Phillip Gary Powell, Jr. v. Commonwealth of Virginia

CourtCourt of Appeals of Virginia
DecidedApril 13, 2021
Docket0055203
StatusUnpublished

This text of Phillip Gary Powell, Jr. v. Commonwealth of Virginia (Phillip Gary Powell, Jr. v. Commonwealth of Virginia) is published on Counsel Stack Legal Research, covering Court of Appeals of Virginia primary law. Counsel Stack provides free access to over 12 million legal documents including statutes, case law, regulations, and constitutions.

Bluebook
Phillip Gary Powell, Jr. v. Commonwealth of Virginia, (Va. Ct. App. 2021).

Opinion

COURT OF APPEALS OF VIRGINIA

Present: Judges Humphreys, Huff and AtLee UNPUBLISHED

Argued by videoconference

PHILLIP GARY POWELL, JR. MEMORANDUM OPINION* BY v. Record No. 0055-20-3 JUDGE RICHARD Y. ATLEE, JR. APRIL 13, 2021 COMMONWEALTH OF VIRGINIA

FROM THE CIRCUIT COURT OF THE CITY OF LYNCHBURG J. Leyburn Mosby, Jr., Judge Designate

Keith Orgera, Senior Trial Attorney (Office of the Public Defender, on brief), for appellant.

Maureen E. Mshar, Assistant Attorney General (Mark R. Herring, Attorney General, on brief), for appellee.
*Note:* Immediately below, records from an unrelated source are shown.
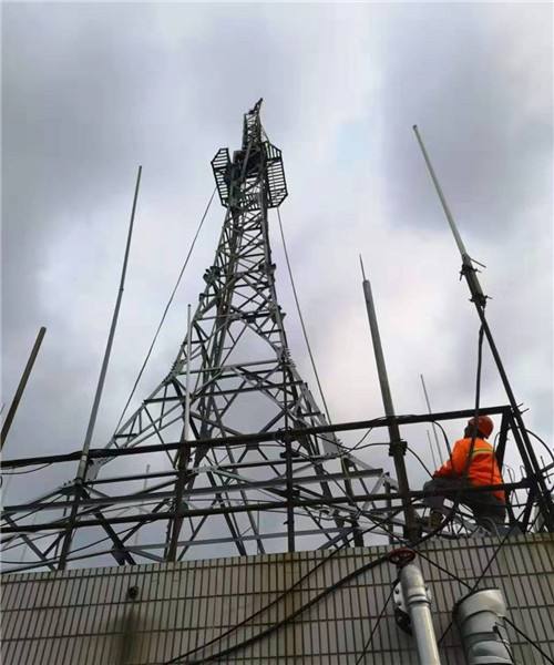 2、根據(jù)該基站在城區(qū)電信大樓上,無法選擇好合理位置打下纜風(fēng)樁,拔桿選用站角形,與塔中心固定拔桿相比無需纜風(fēng)繩。在塔上安裝固定好拔桿,系好拔桿與塔身主材連接鋼絲繩。
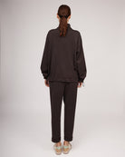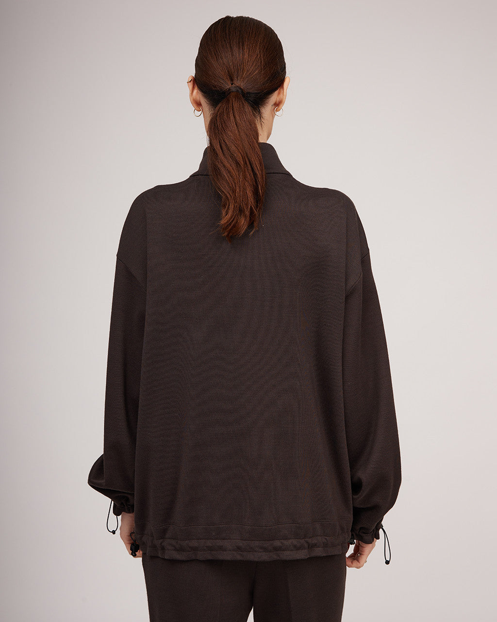 Šokolādes brūna toņa trikotāžas džemperis ar rāvējslēdzēju | JUSTĪNA
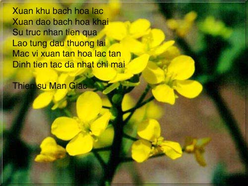 Thiền sư th́ thấy rất rơ: h́nh ảnh nhánh mai vàng rạng rỡ trước sân của thời điểm xuân tàn.
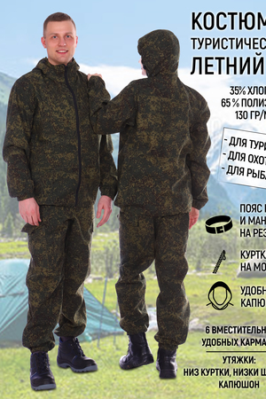 Cпецодежда универсальная летняя высокого качества и удобства. Бренд "СКЕЛА" предлагает костюм маскировочный, изготовленный из 35% натурального хлопка и 65% полиэстера. Костюм камуфляжный в сложенном виде имеет собственную многоразовую очень компактную и легкую упаковку. Хорошо сидит, не сковывает движения. Форма с длинным рукавом и широкими манжетами, состоит из куртки свободного кроя и брюк. Куртка с капюшоном, застёгивается на молнию. Брюки просторные и удобные с прорезными и накладными карманами. Пояс на эластичной резинке, что обеспечивает максимальный комфорт. Костюм представлен в камуфляжном цвете расцветки "Пиксель/цифра", которая неразличима глазом на фоне летней природы умеренной полосы. Прекрасно подойдет для охоты и рыбалки. Отличный костюм для туризма, страйкбола, пейнтбола (хорошо отстирывается) или похода в лес. Представлен широкий размерный ряд, включающий большие размеры. По стандартам для спецодежды, длина рукава измеряется от линии втачивания воротника, длина брюк от шва втачивания пояса (без учета его ширины) до низка брюк.
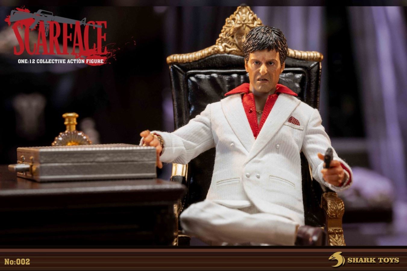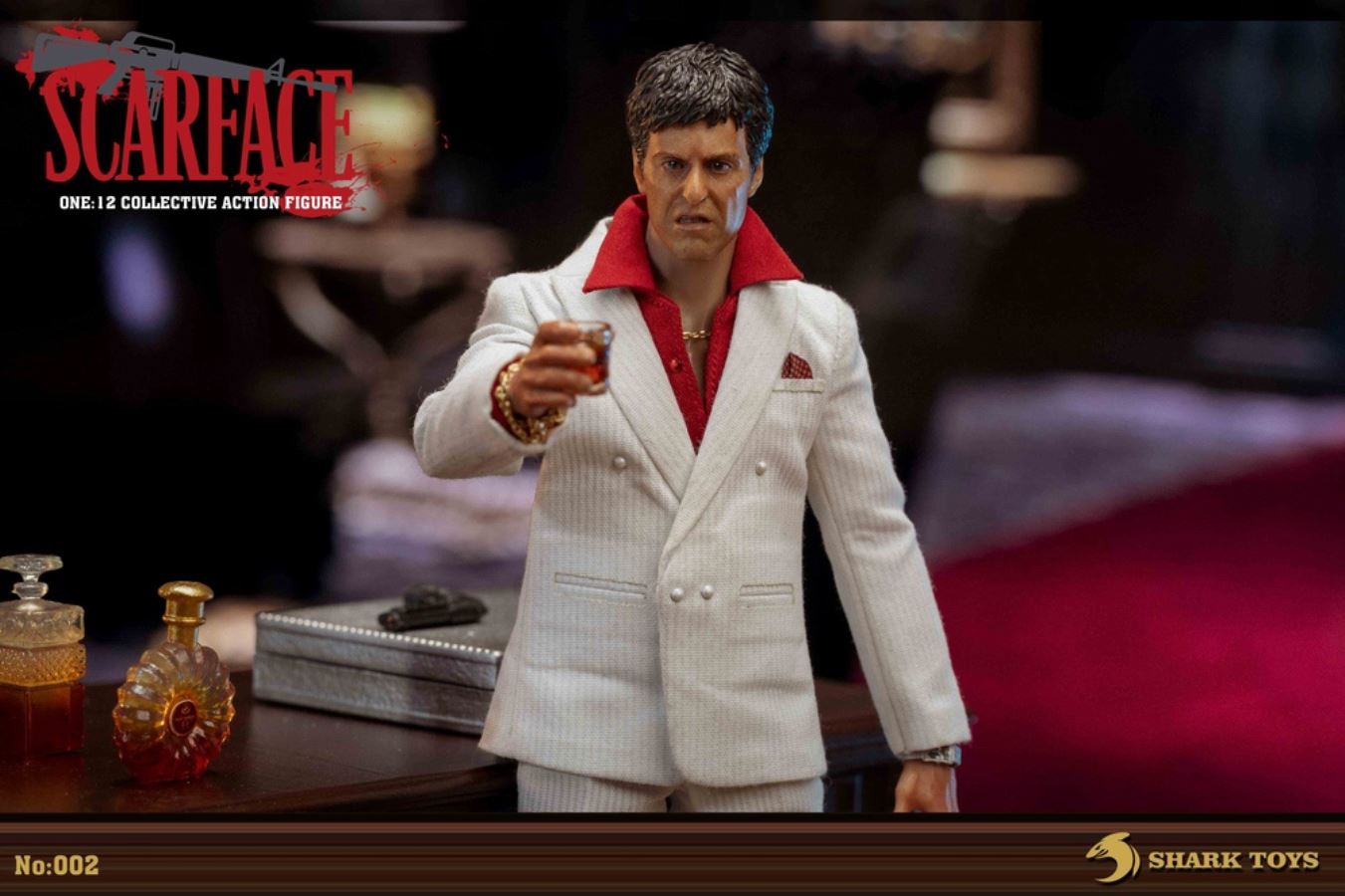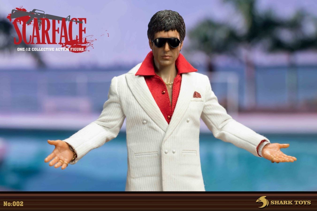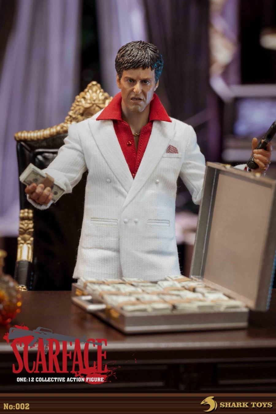 List:– Normal head carving*1– Emoji head carving*1– Replacement hand *8– 1/12 body*1clothing:– White top*1– red shirt*1– white pants*1– Leather shoes*1Accessories:– Necklace*2– Bracelet*1– USD*1– Pistol*1– Wine bottle*2– Wine glass*1– Table*1– Chair*1– Suitcase*1– Assault Rifle*1
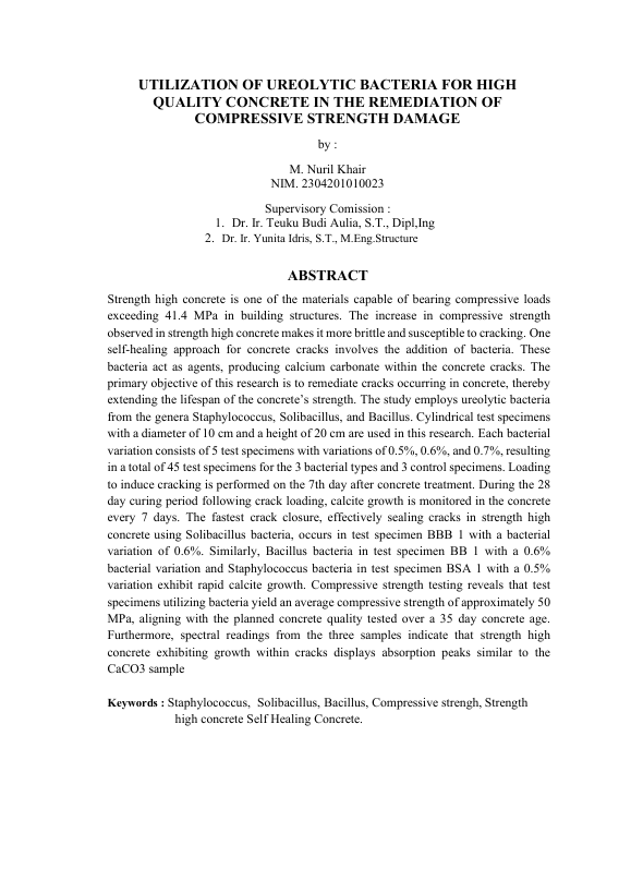 Baca Juga : PENGGUNAAN BAKTERI STAPHYLOCOCCUS SP. SEBAGAI MEDIA SELF HEALING CONCRETE TERHADAP KUAT TARIK BELAH BETON MUTU TINGGI (Hafiz Rizdy Maulana, 2025)
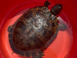 Buenos días, Con gran dolor en el corazón, doy en adopción mi tortuga de agua por circunstancias personales pues ya no puedo prestarle la atención que merece. Desconozco la especie exacta de la misma, sólo que es de agua y tiene en la piel un patrón amarillo. Creo que es macho pero tampoco lo puedo
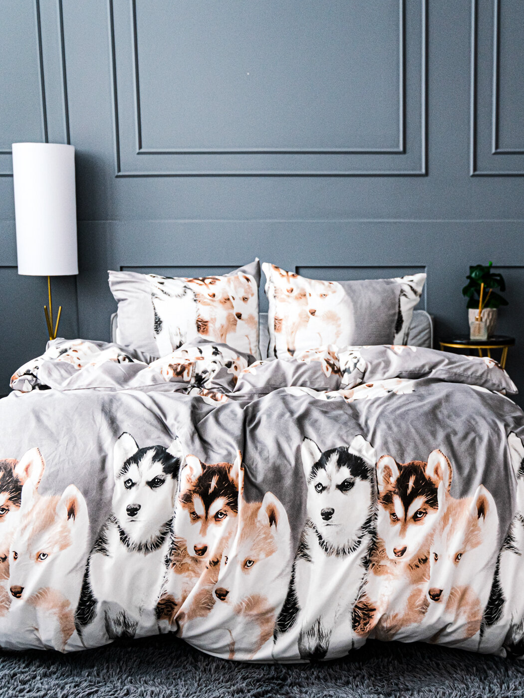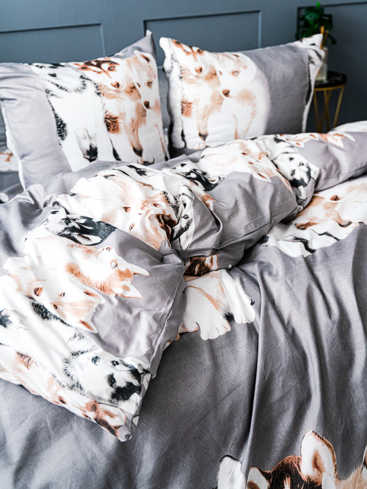 Постельное белье 2 спальное Павлина полисатин Хаски рис 2466, серый интересное:

Phillip Gary Powell, Jr. appeals his conviction for felony possession of a Schedule I or II

controlled substance.1 Powell challenges the sufficiency of the evidence supporting his

conviction, arguing that the evidence did not prove that he had knowledge of the nature and

character of the substance. We disagree and affirm.

I. BACKGROUND

“In accordance with familiar principles of appellate review, the facts will be stated in the

light most favorable to the Commonwealth, the prevailing party at trial.” Gerald v.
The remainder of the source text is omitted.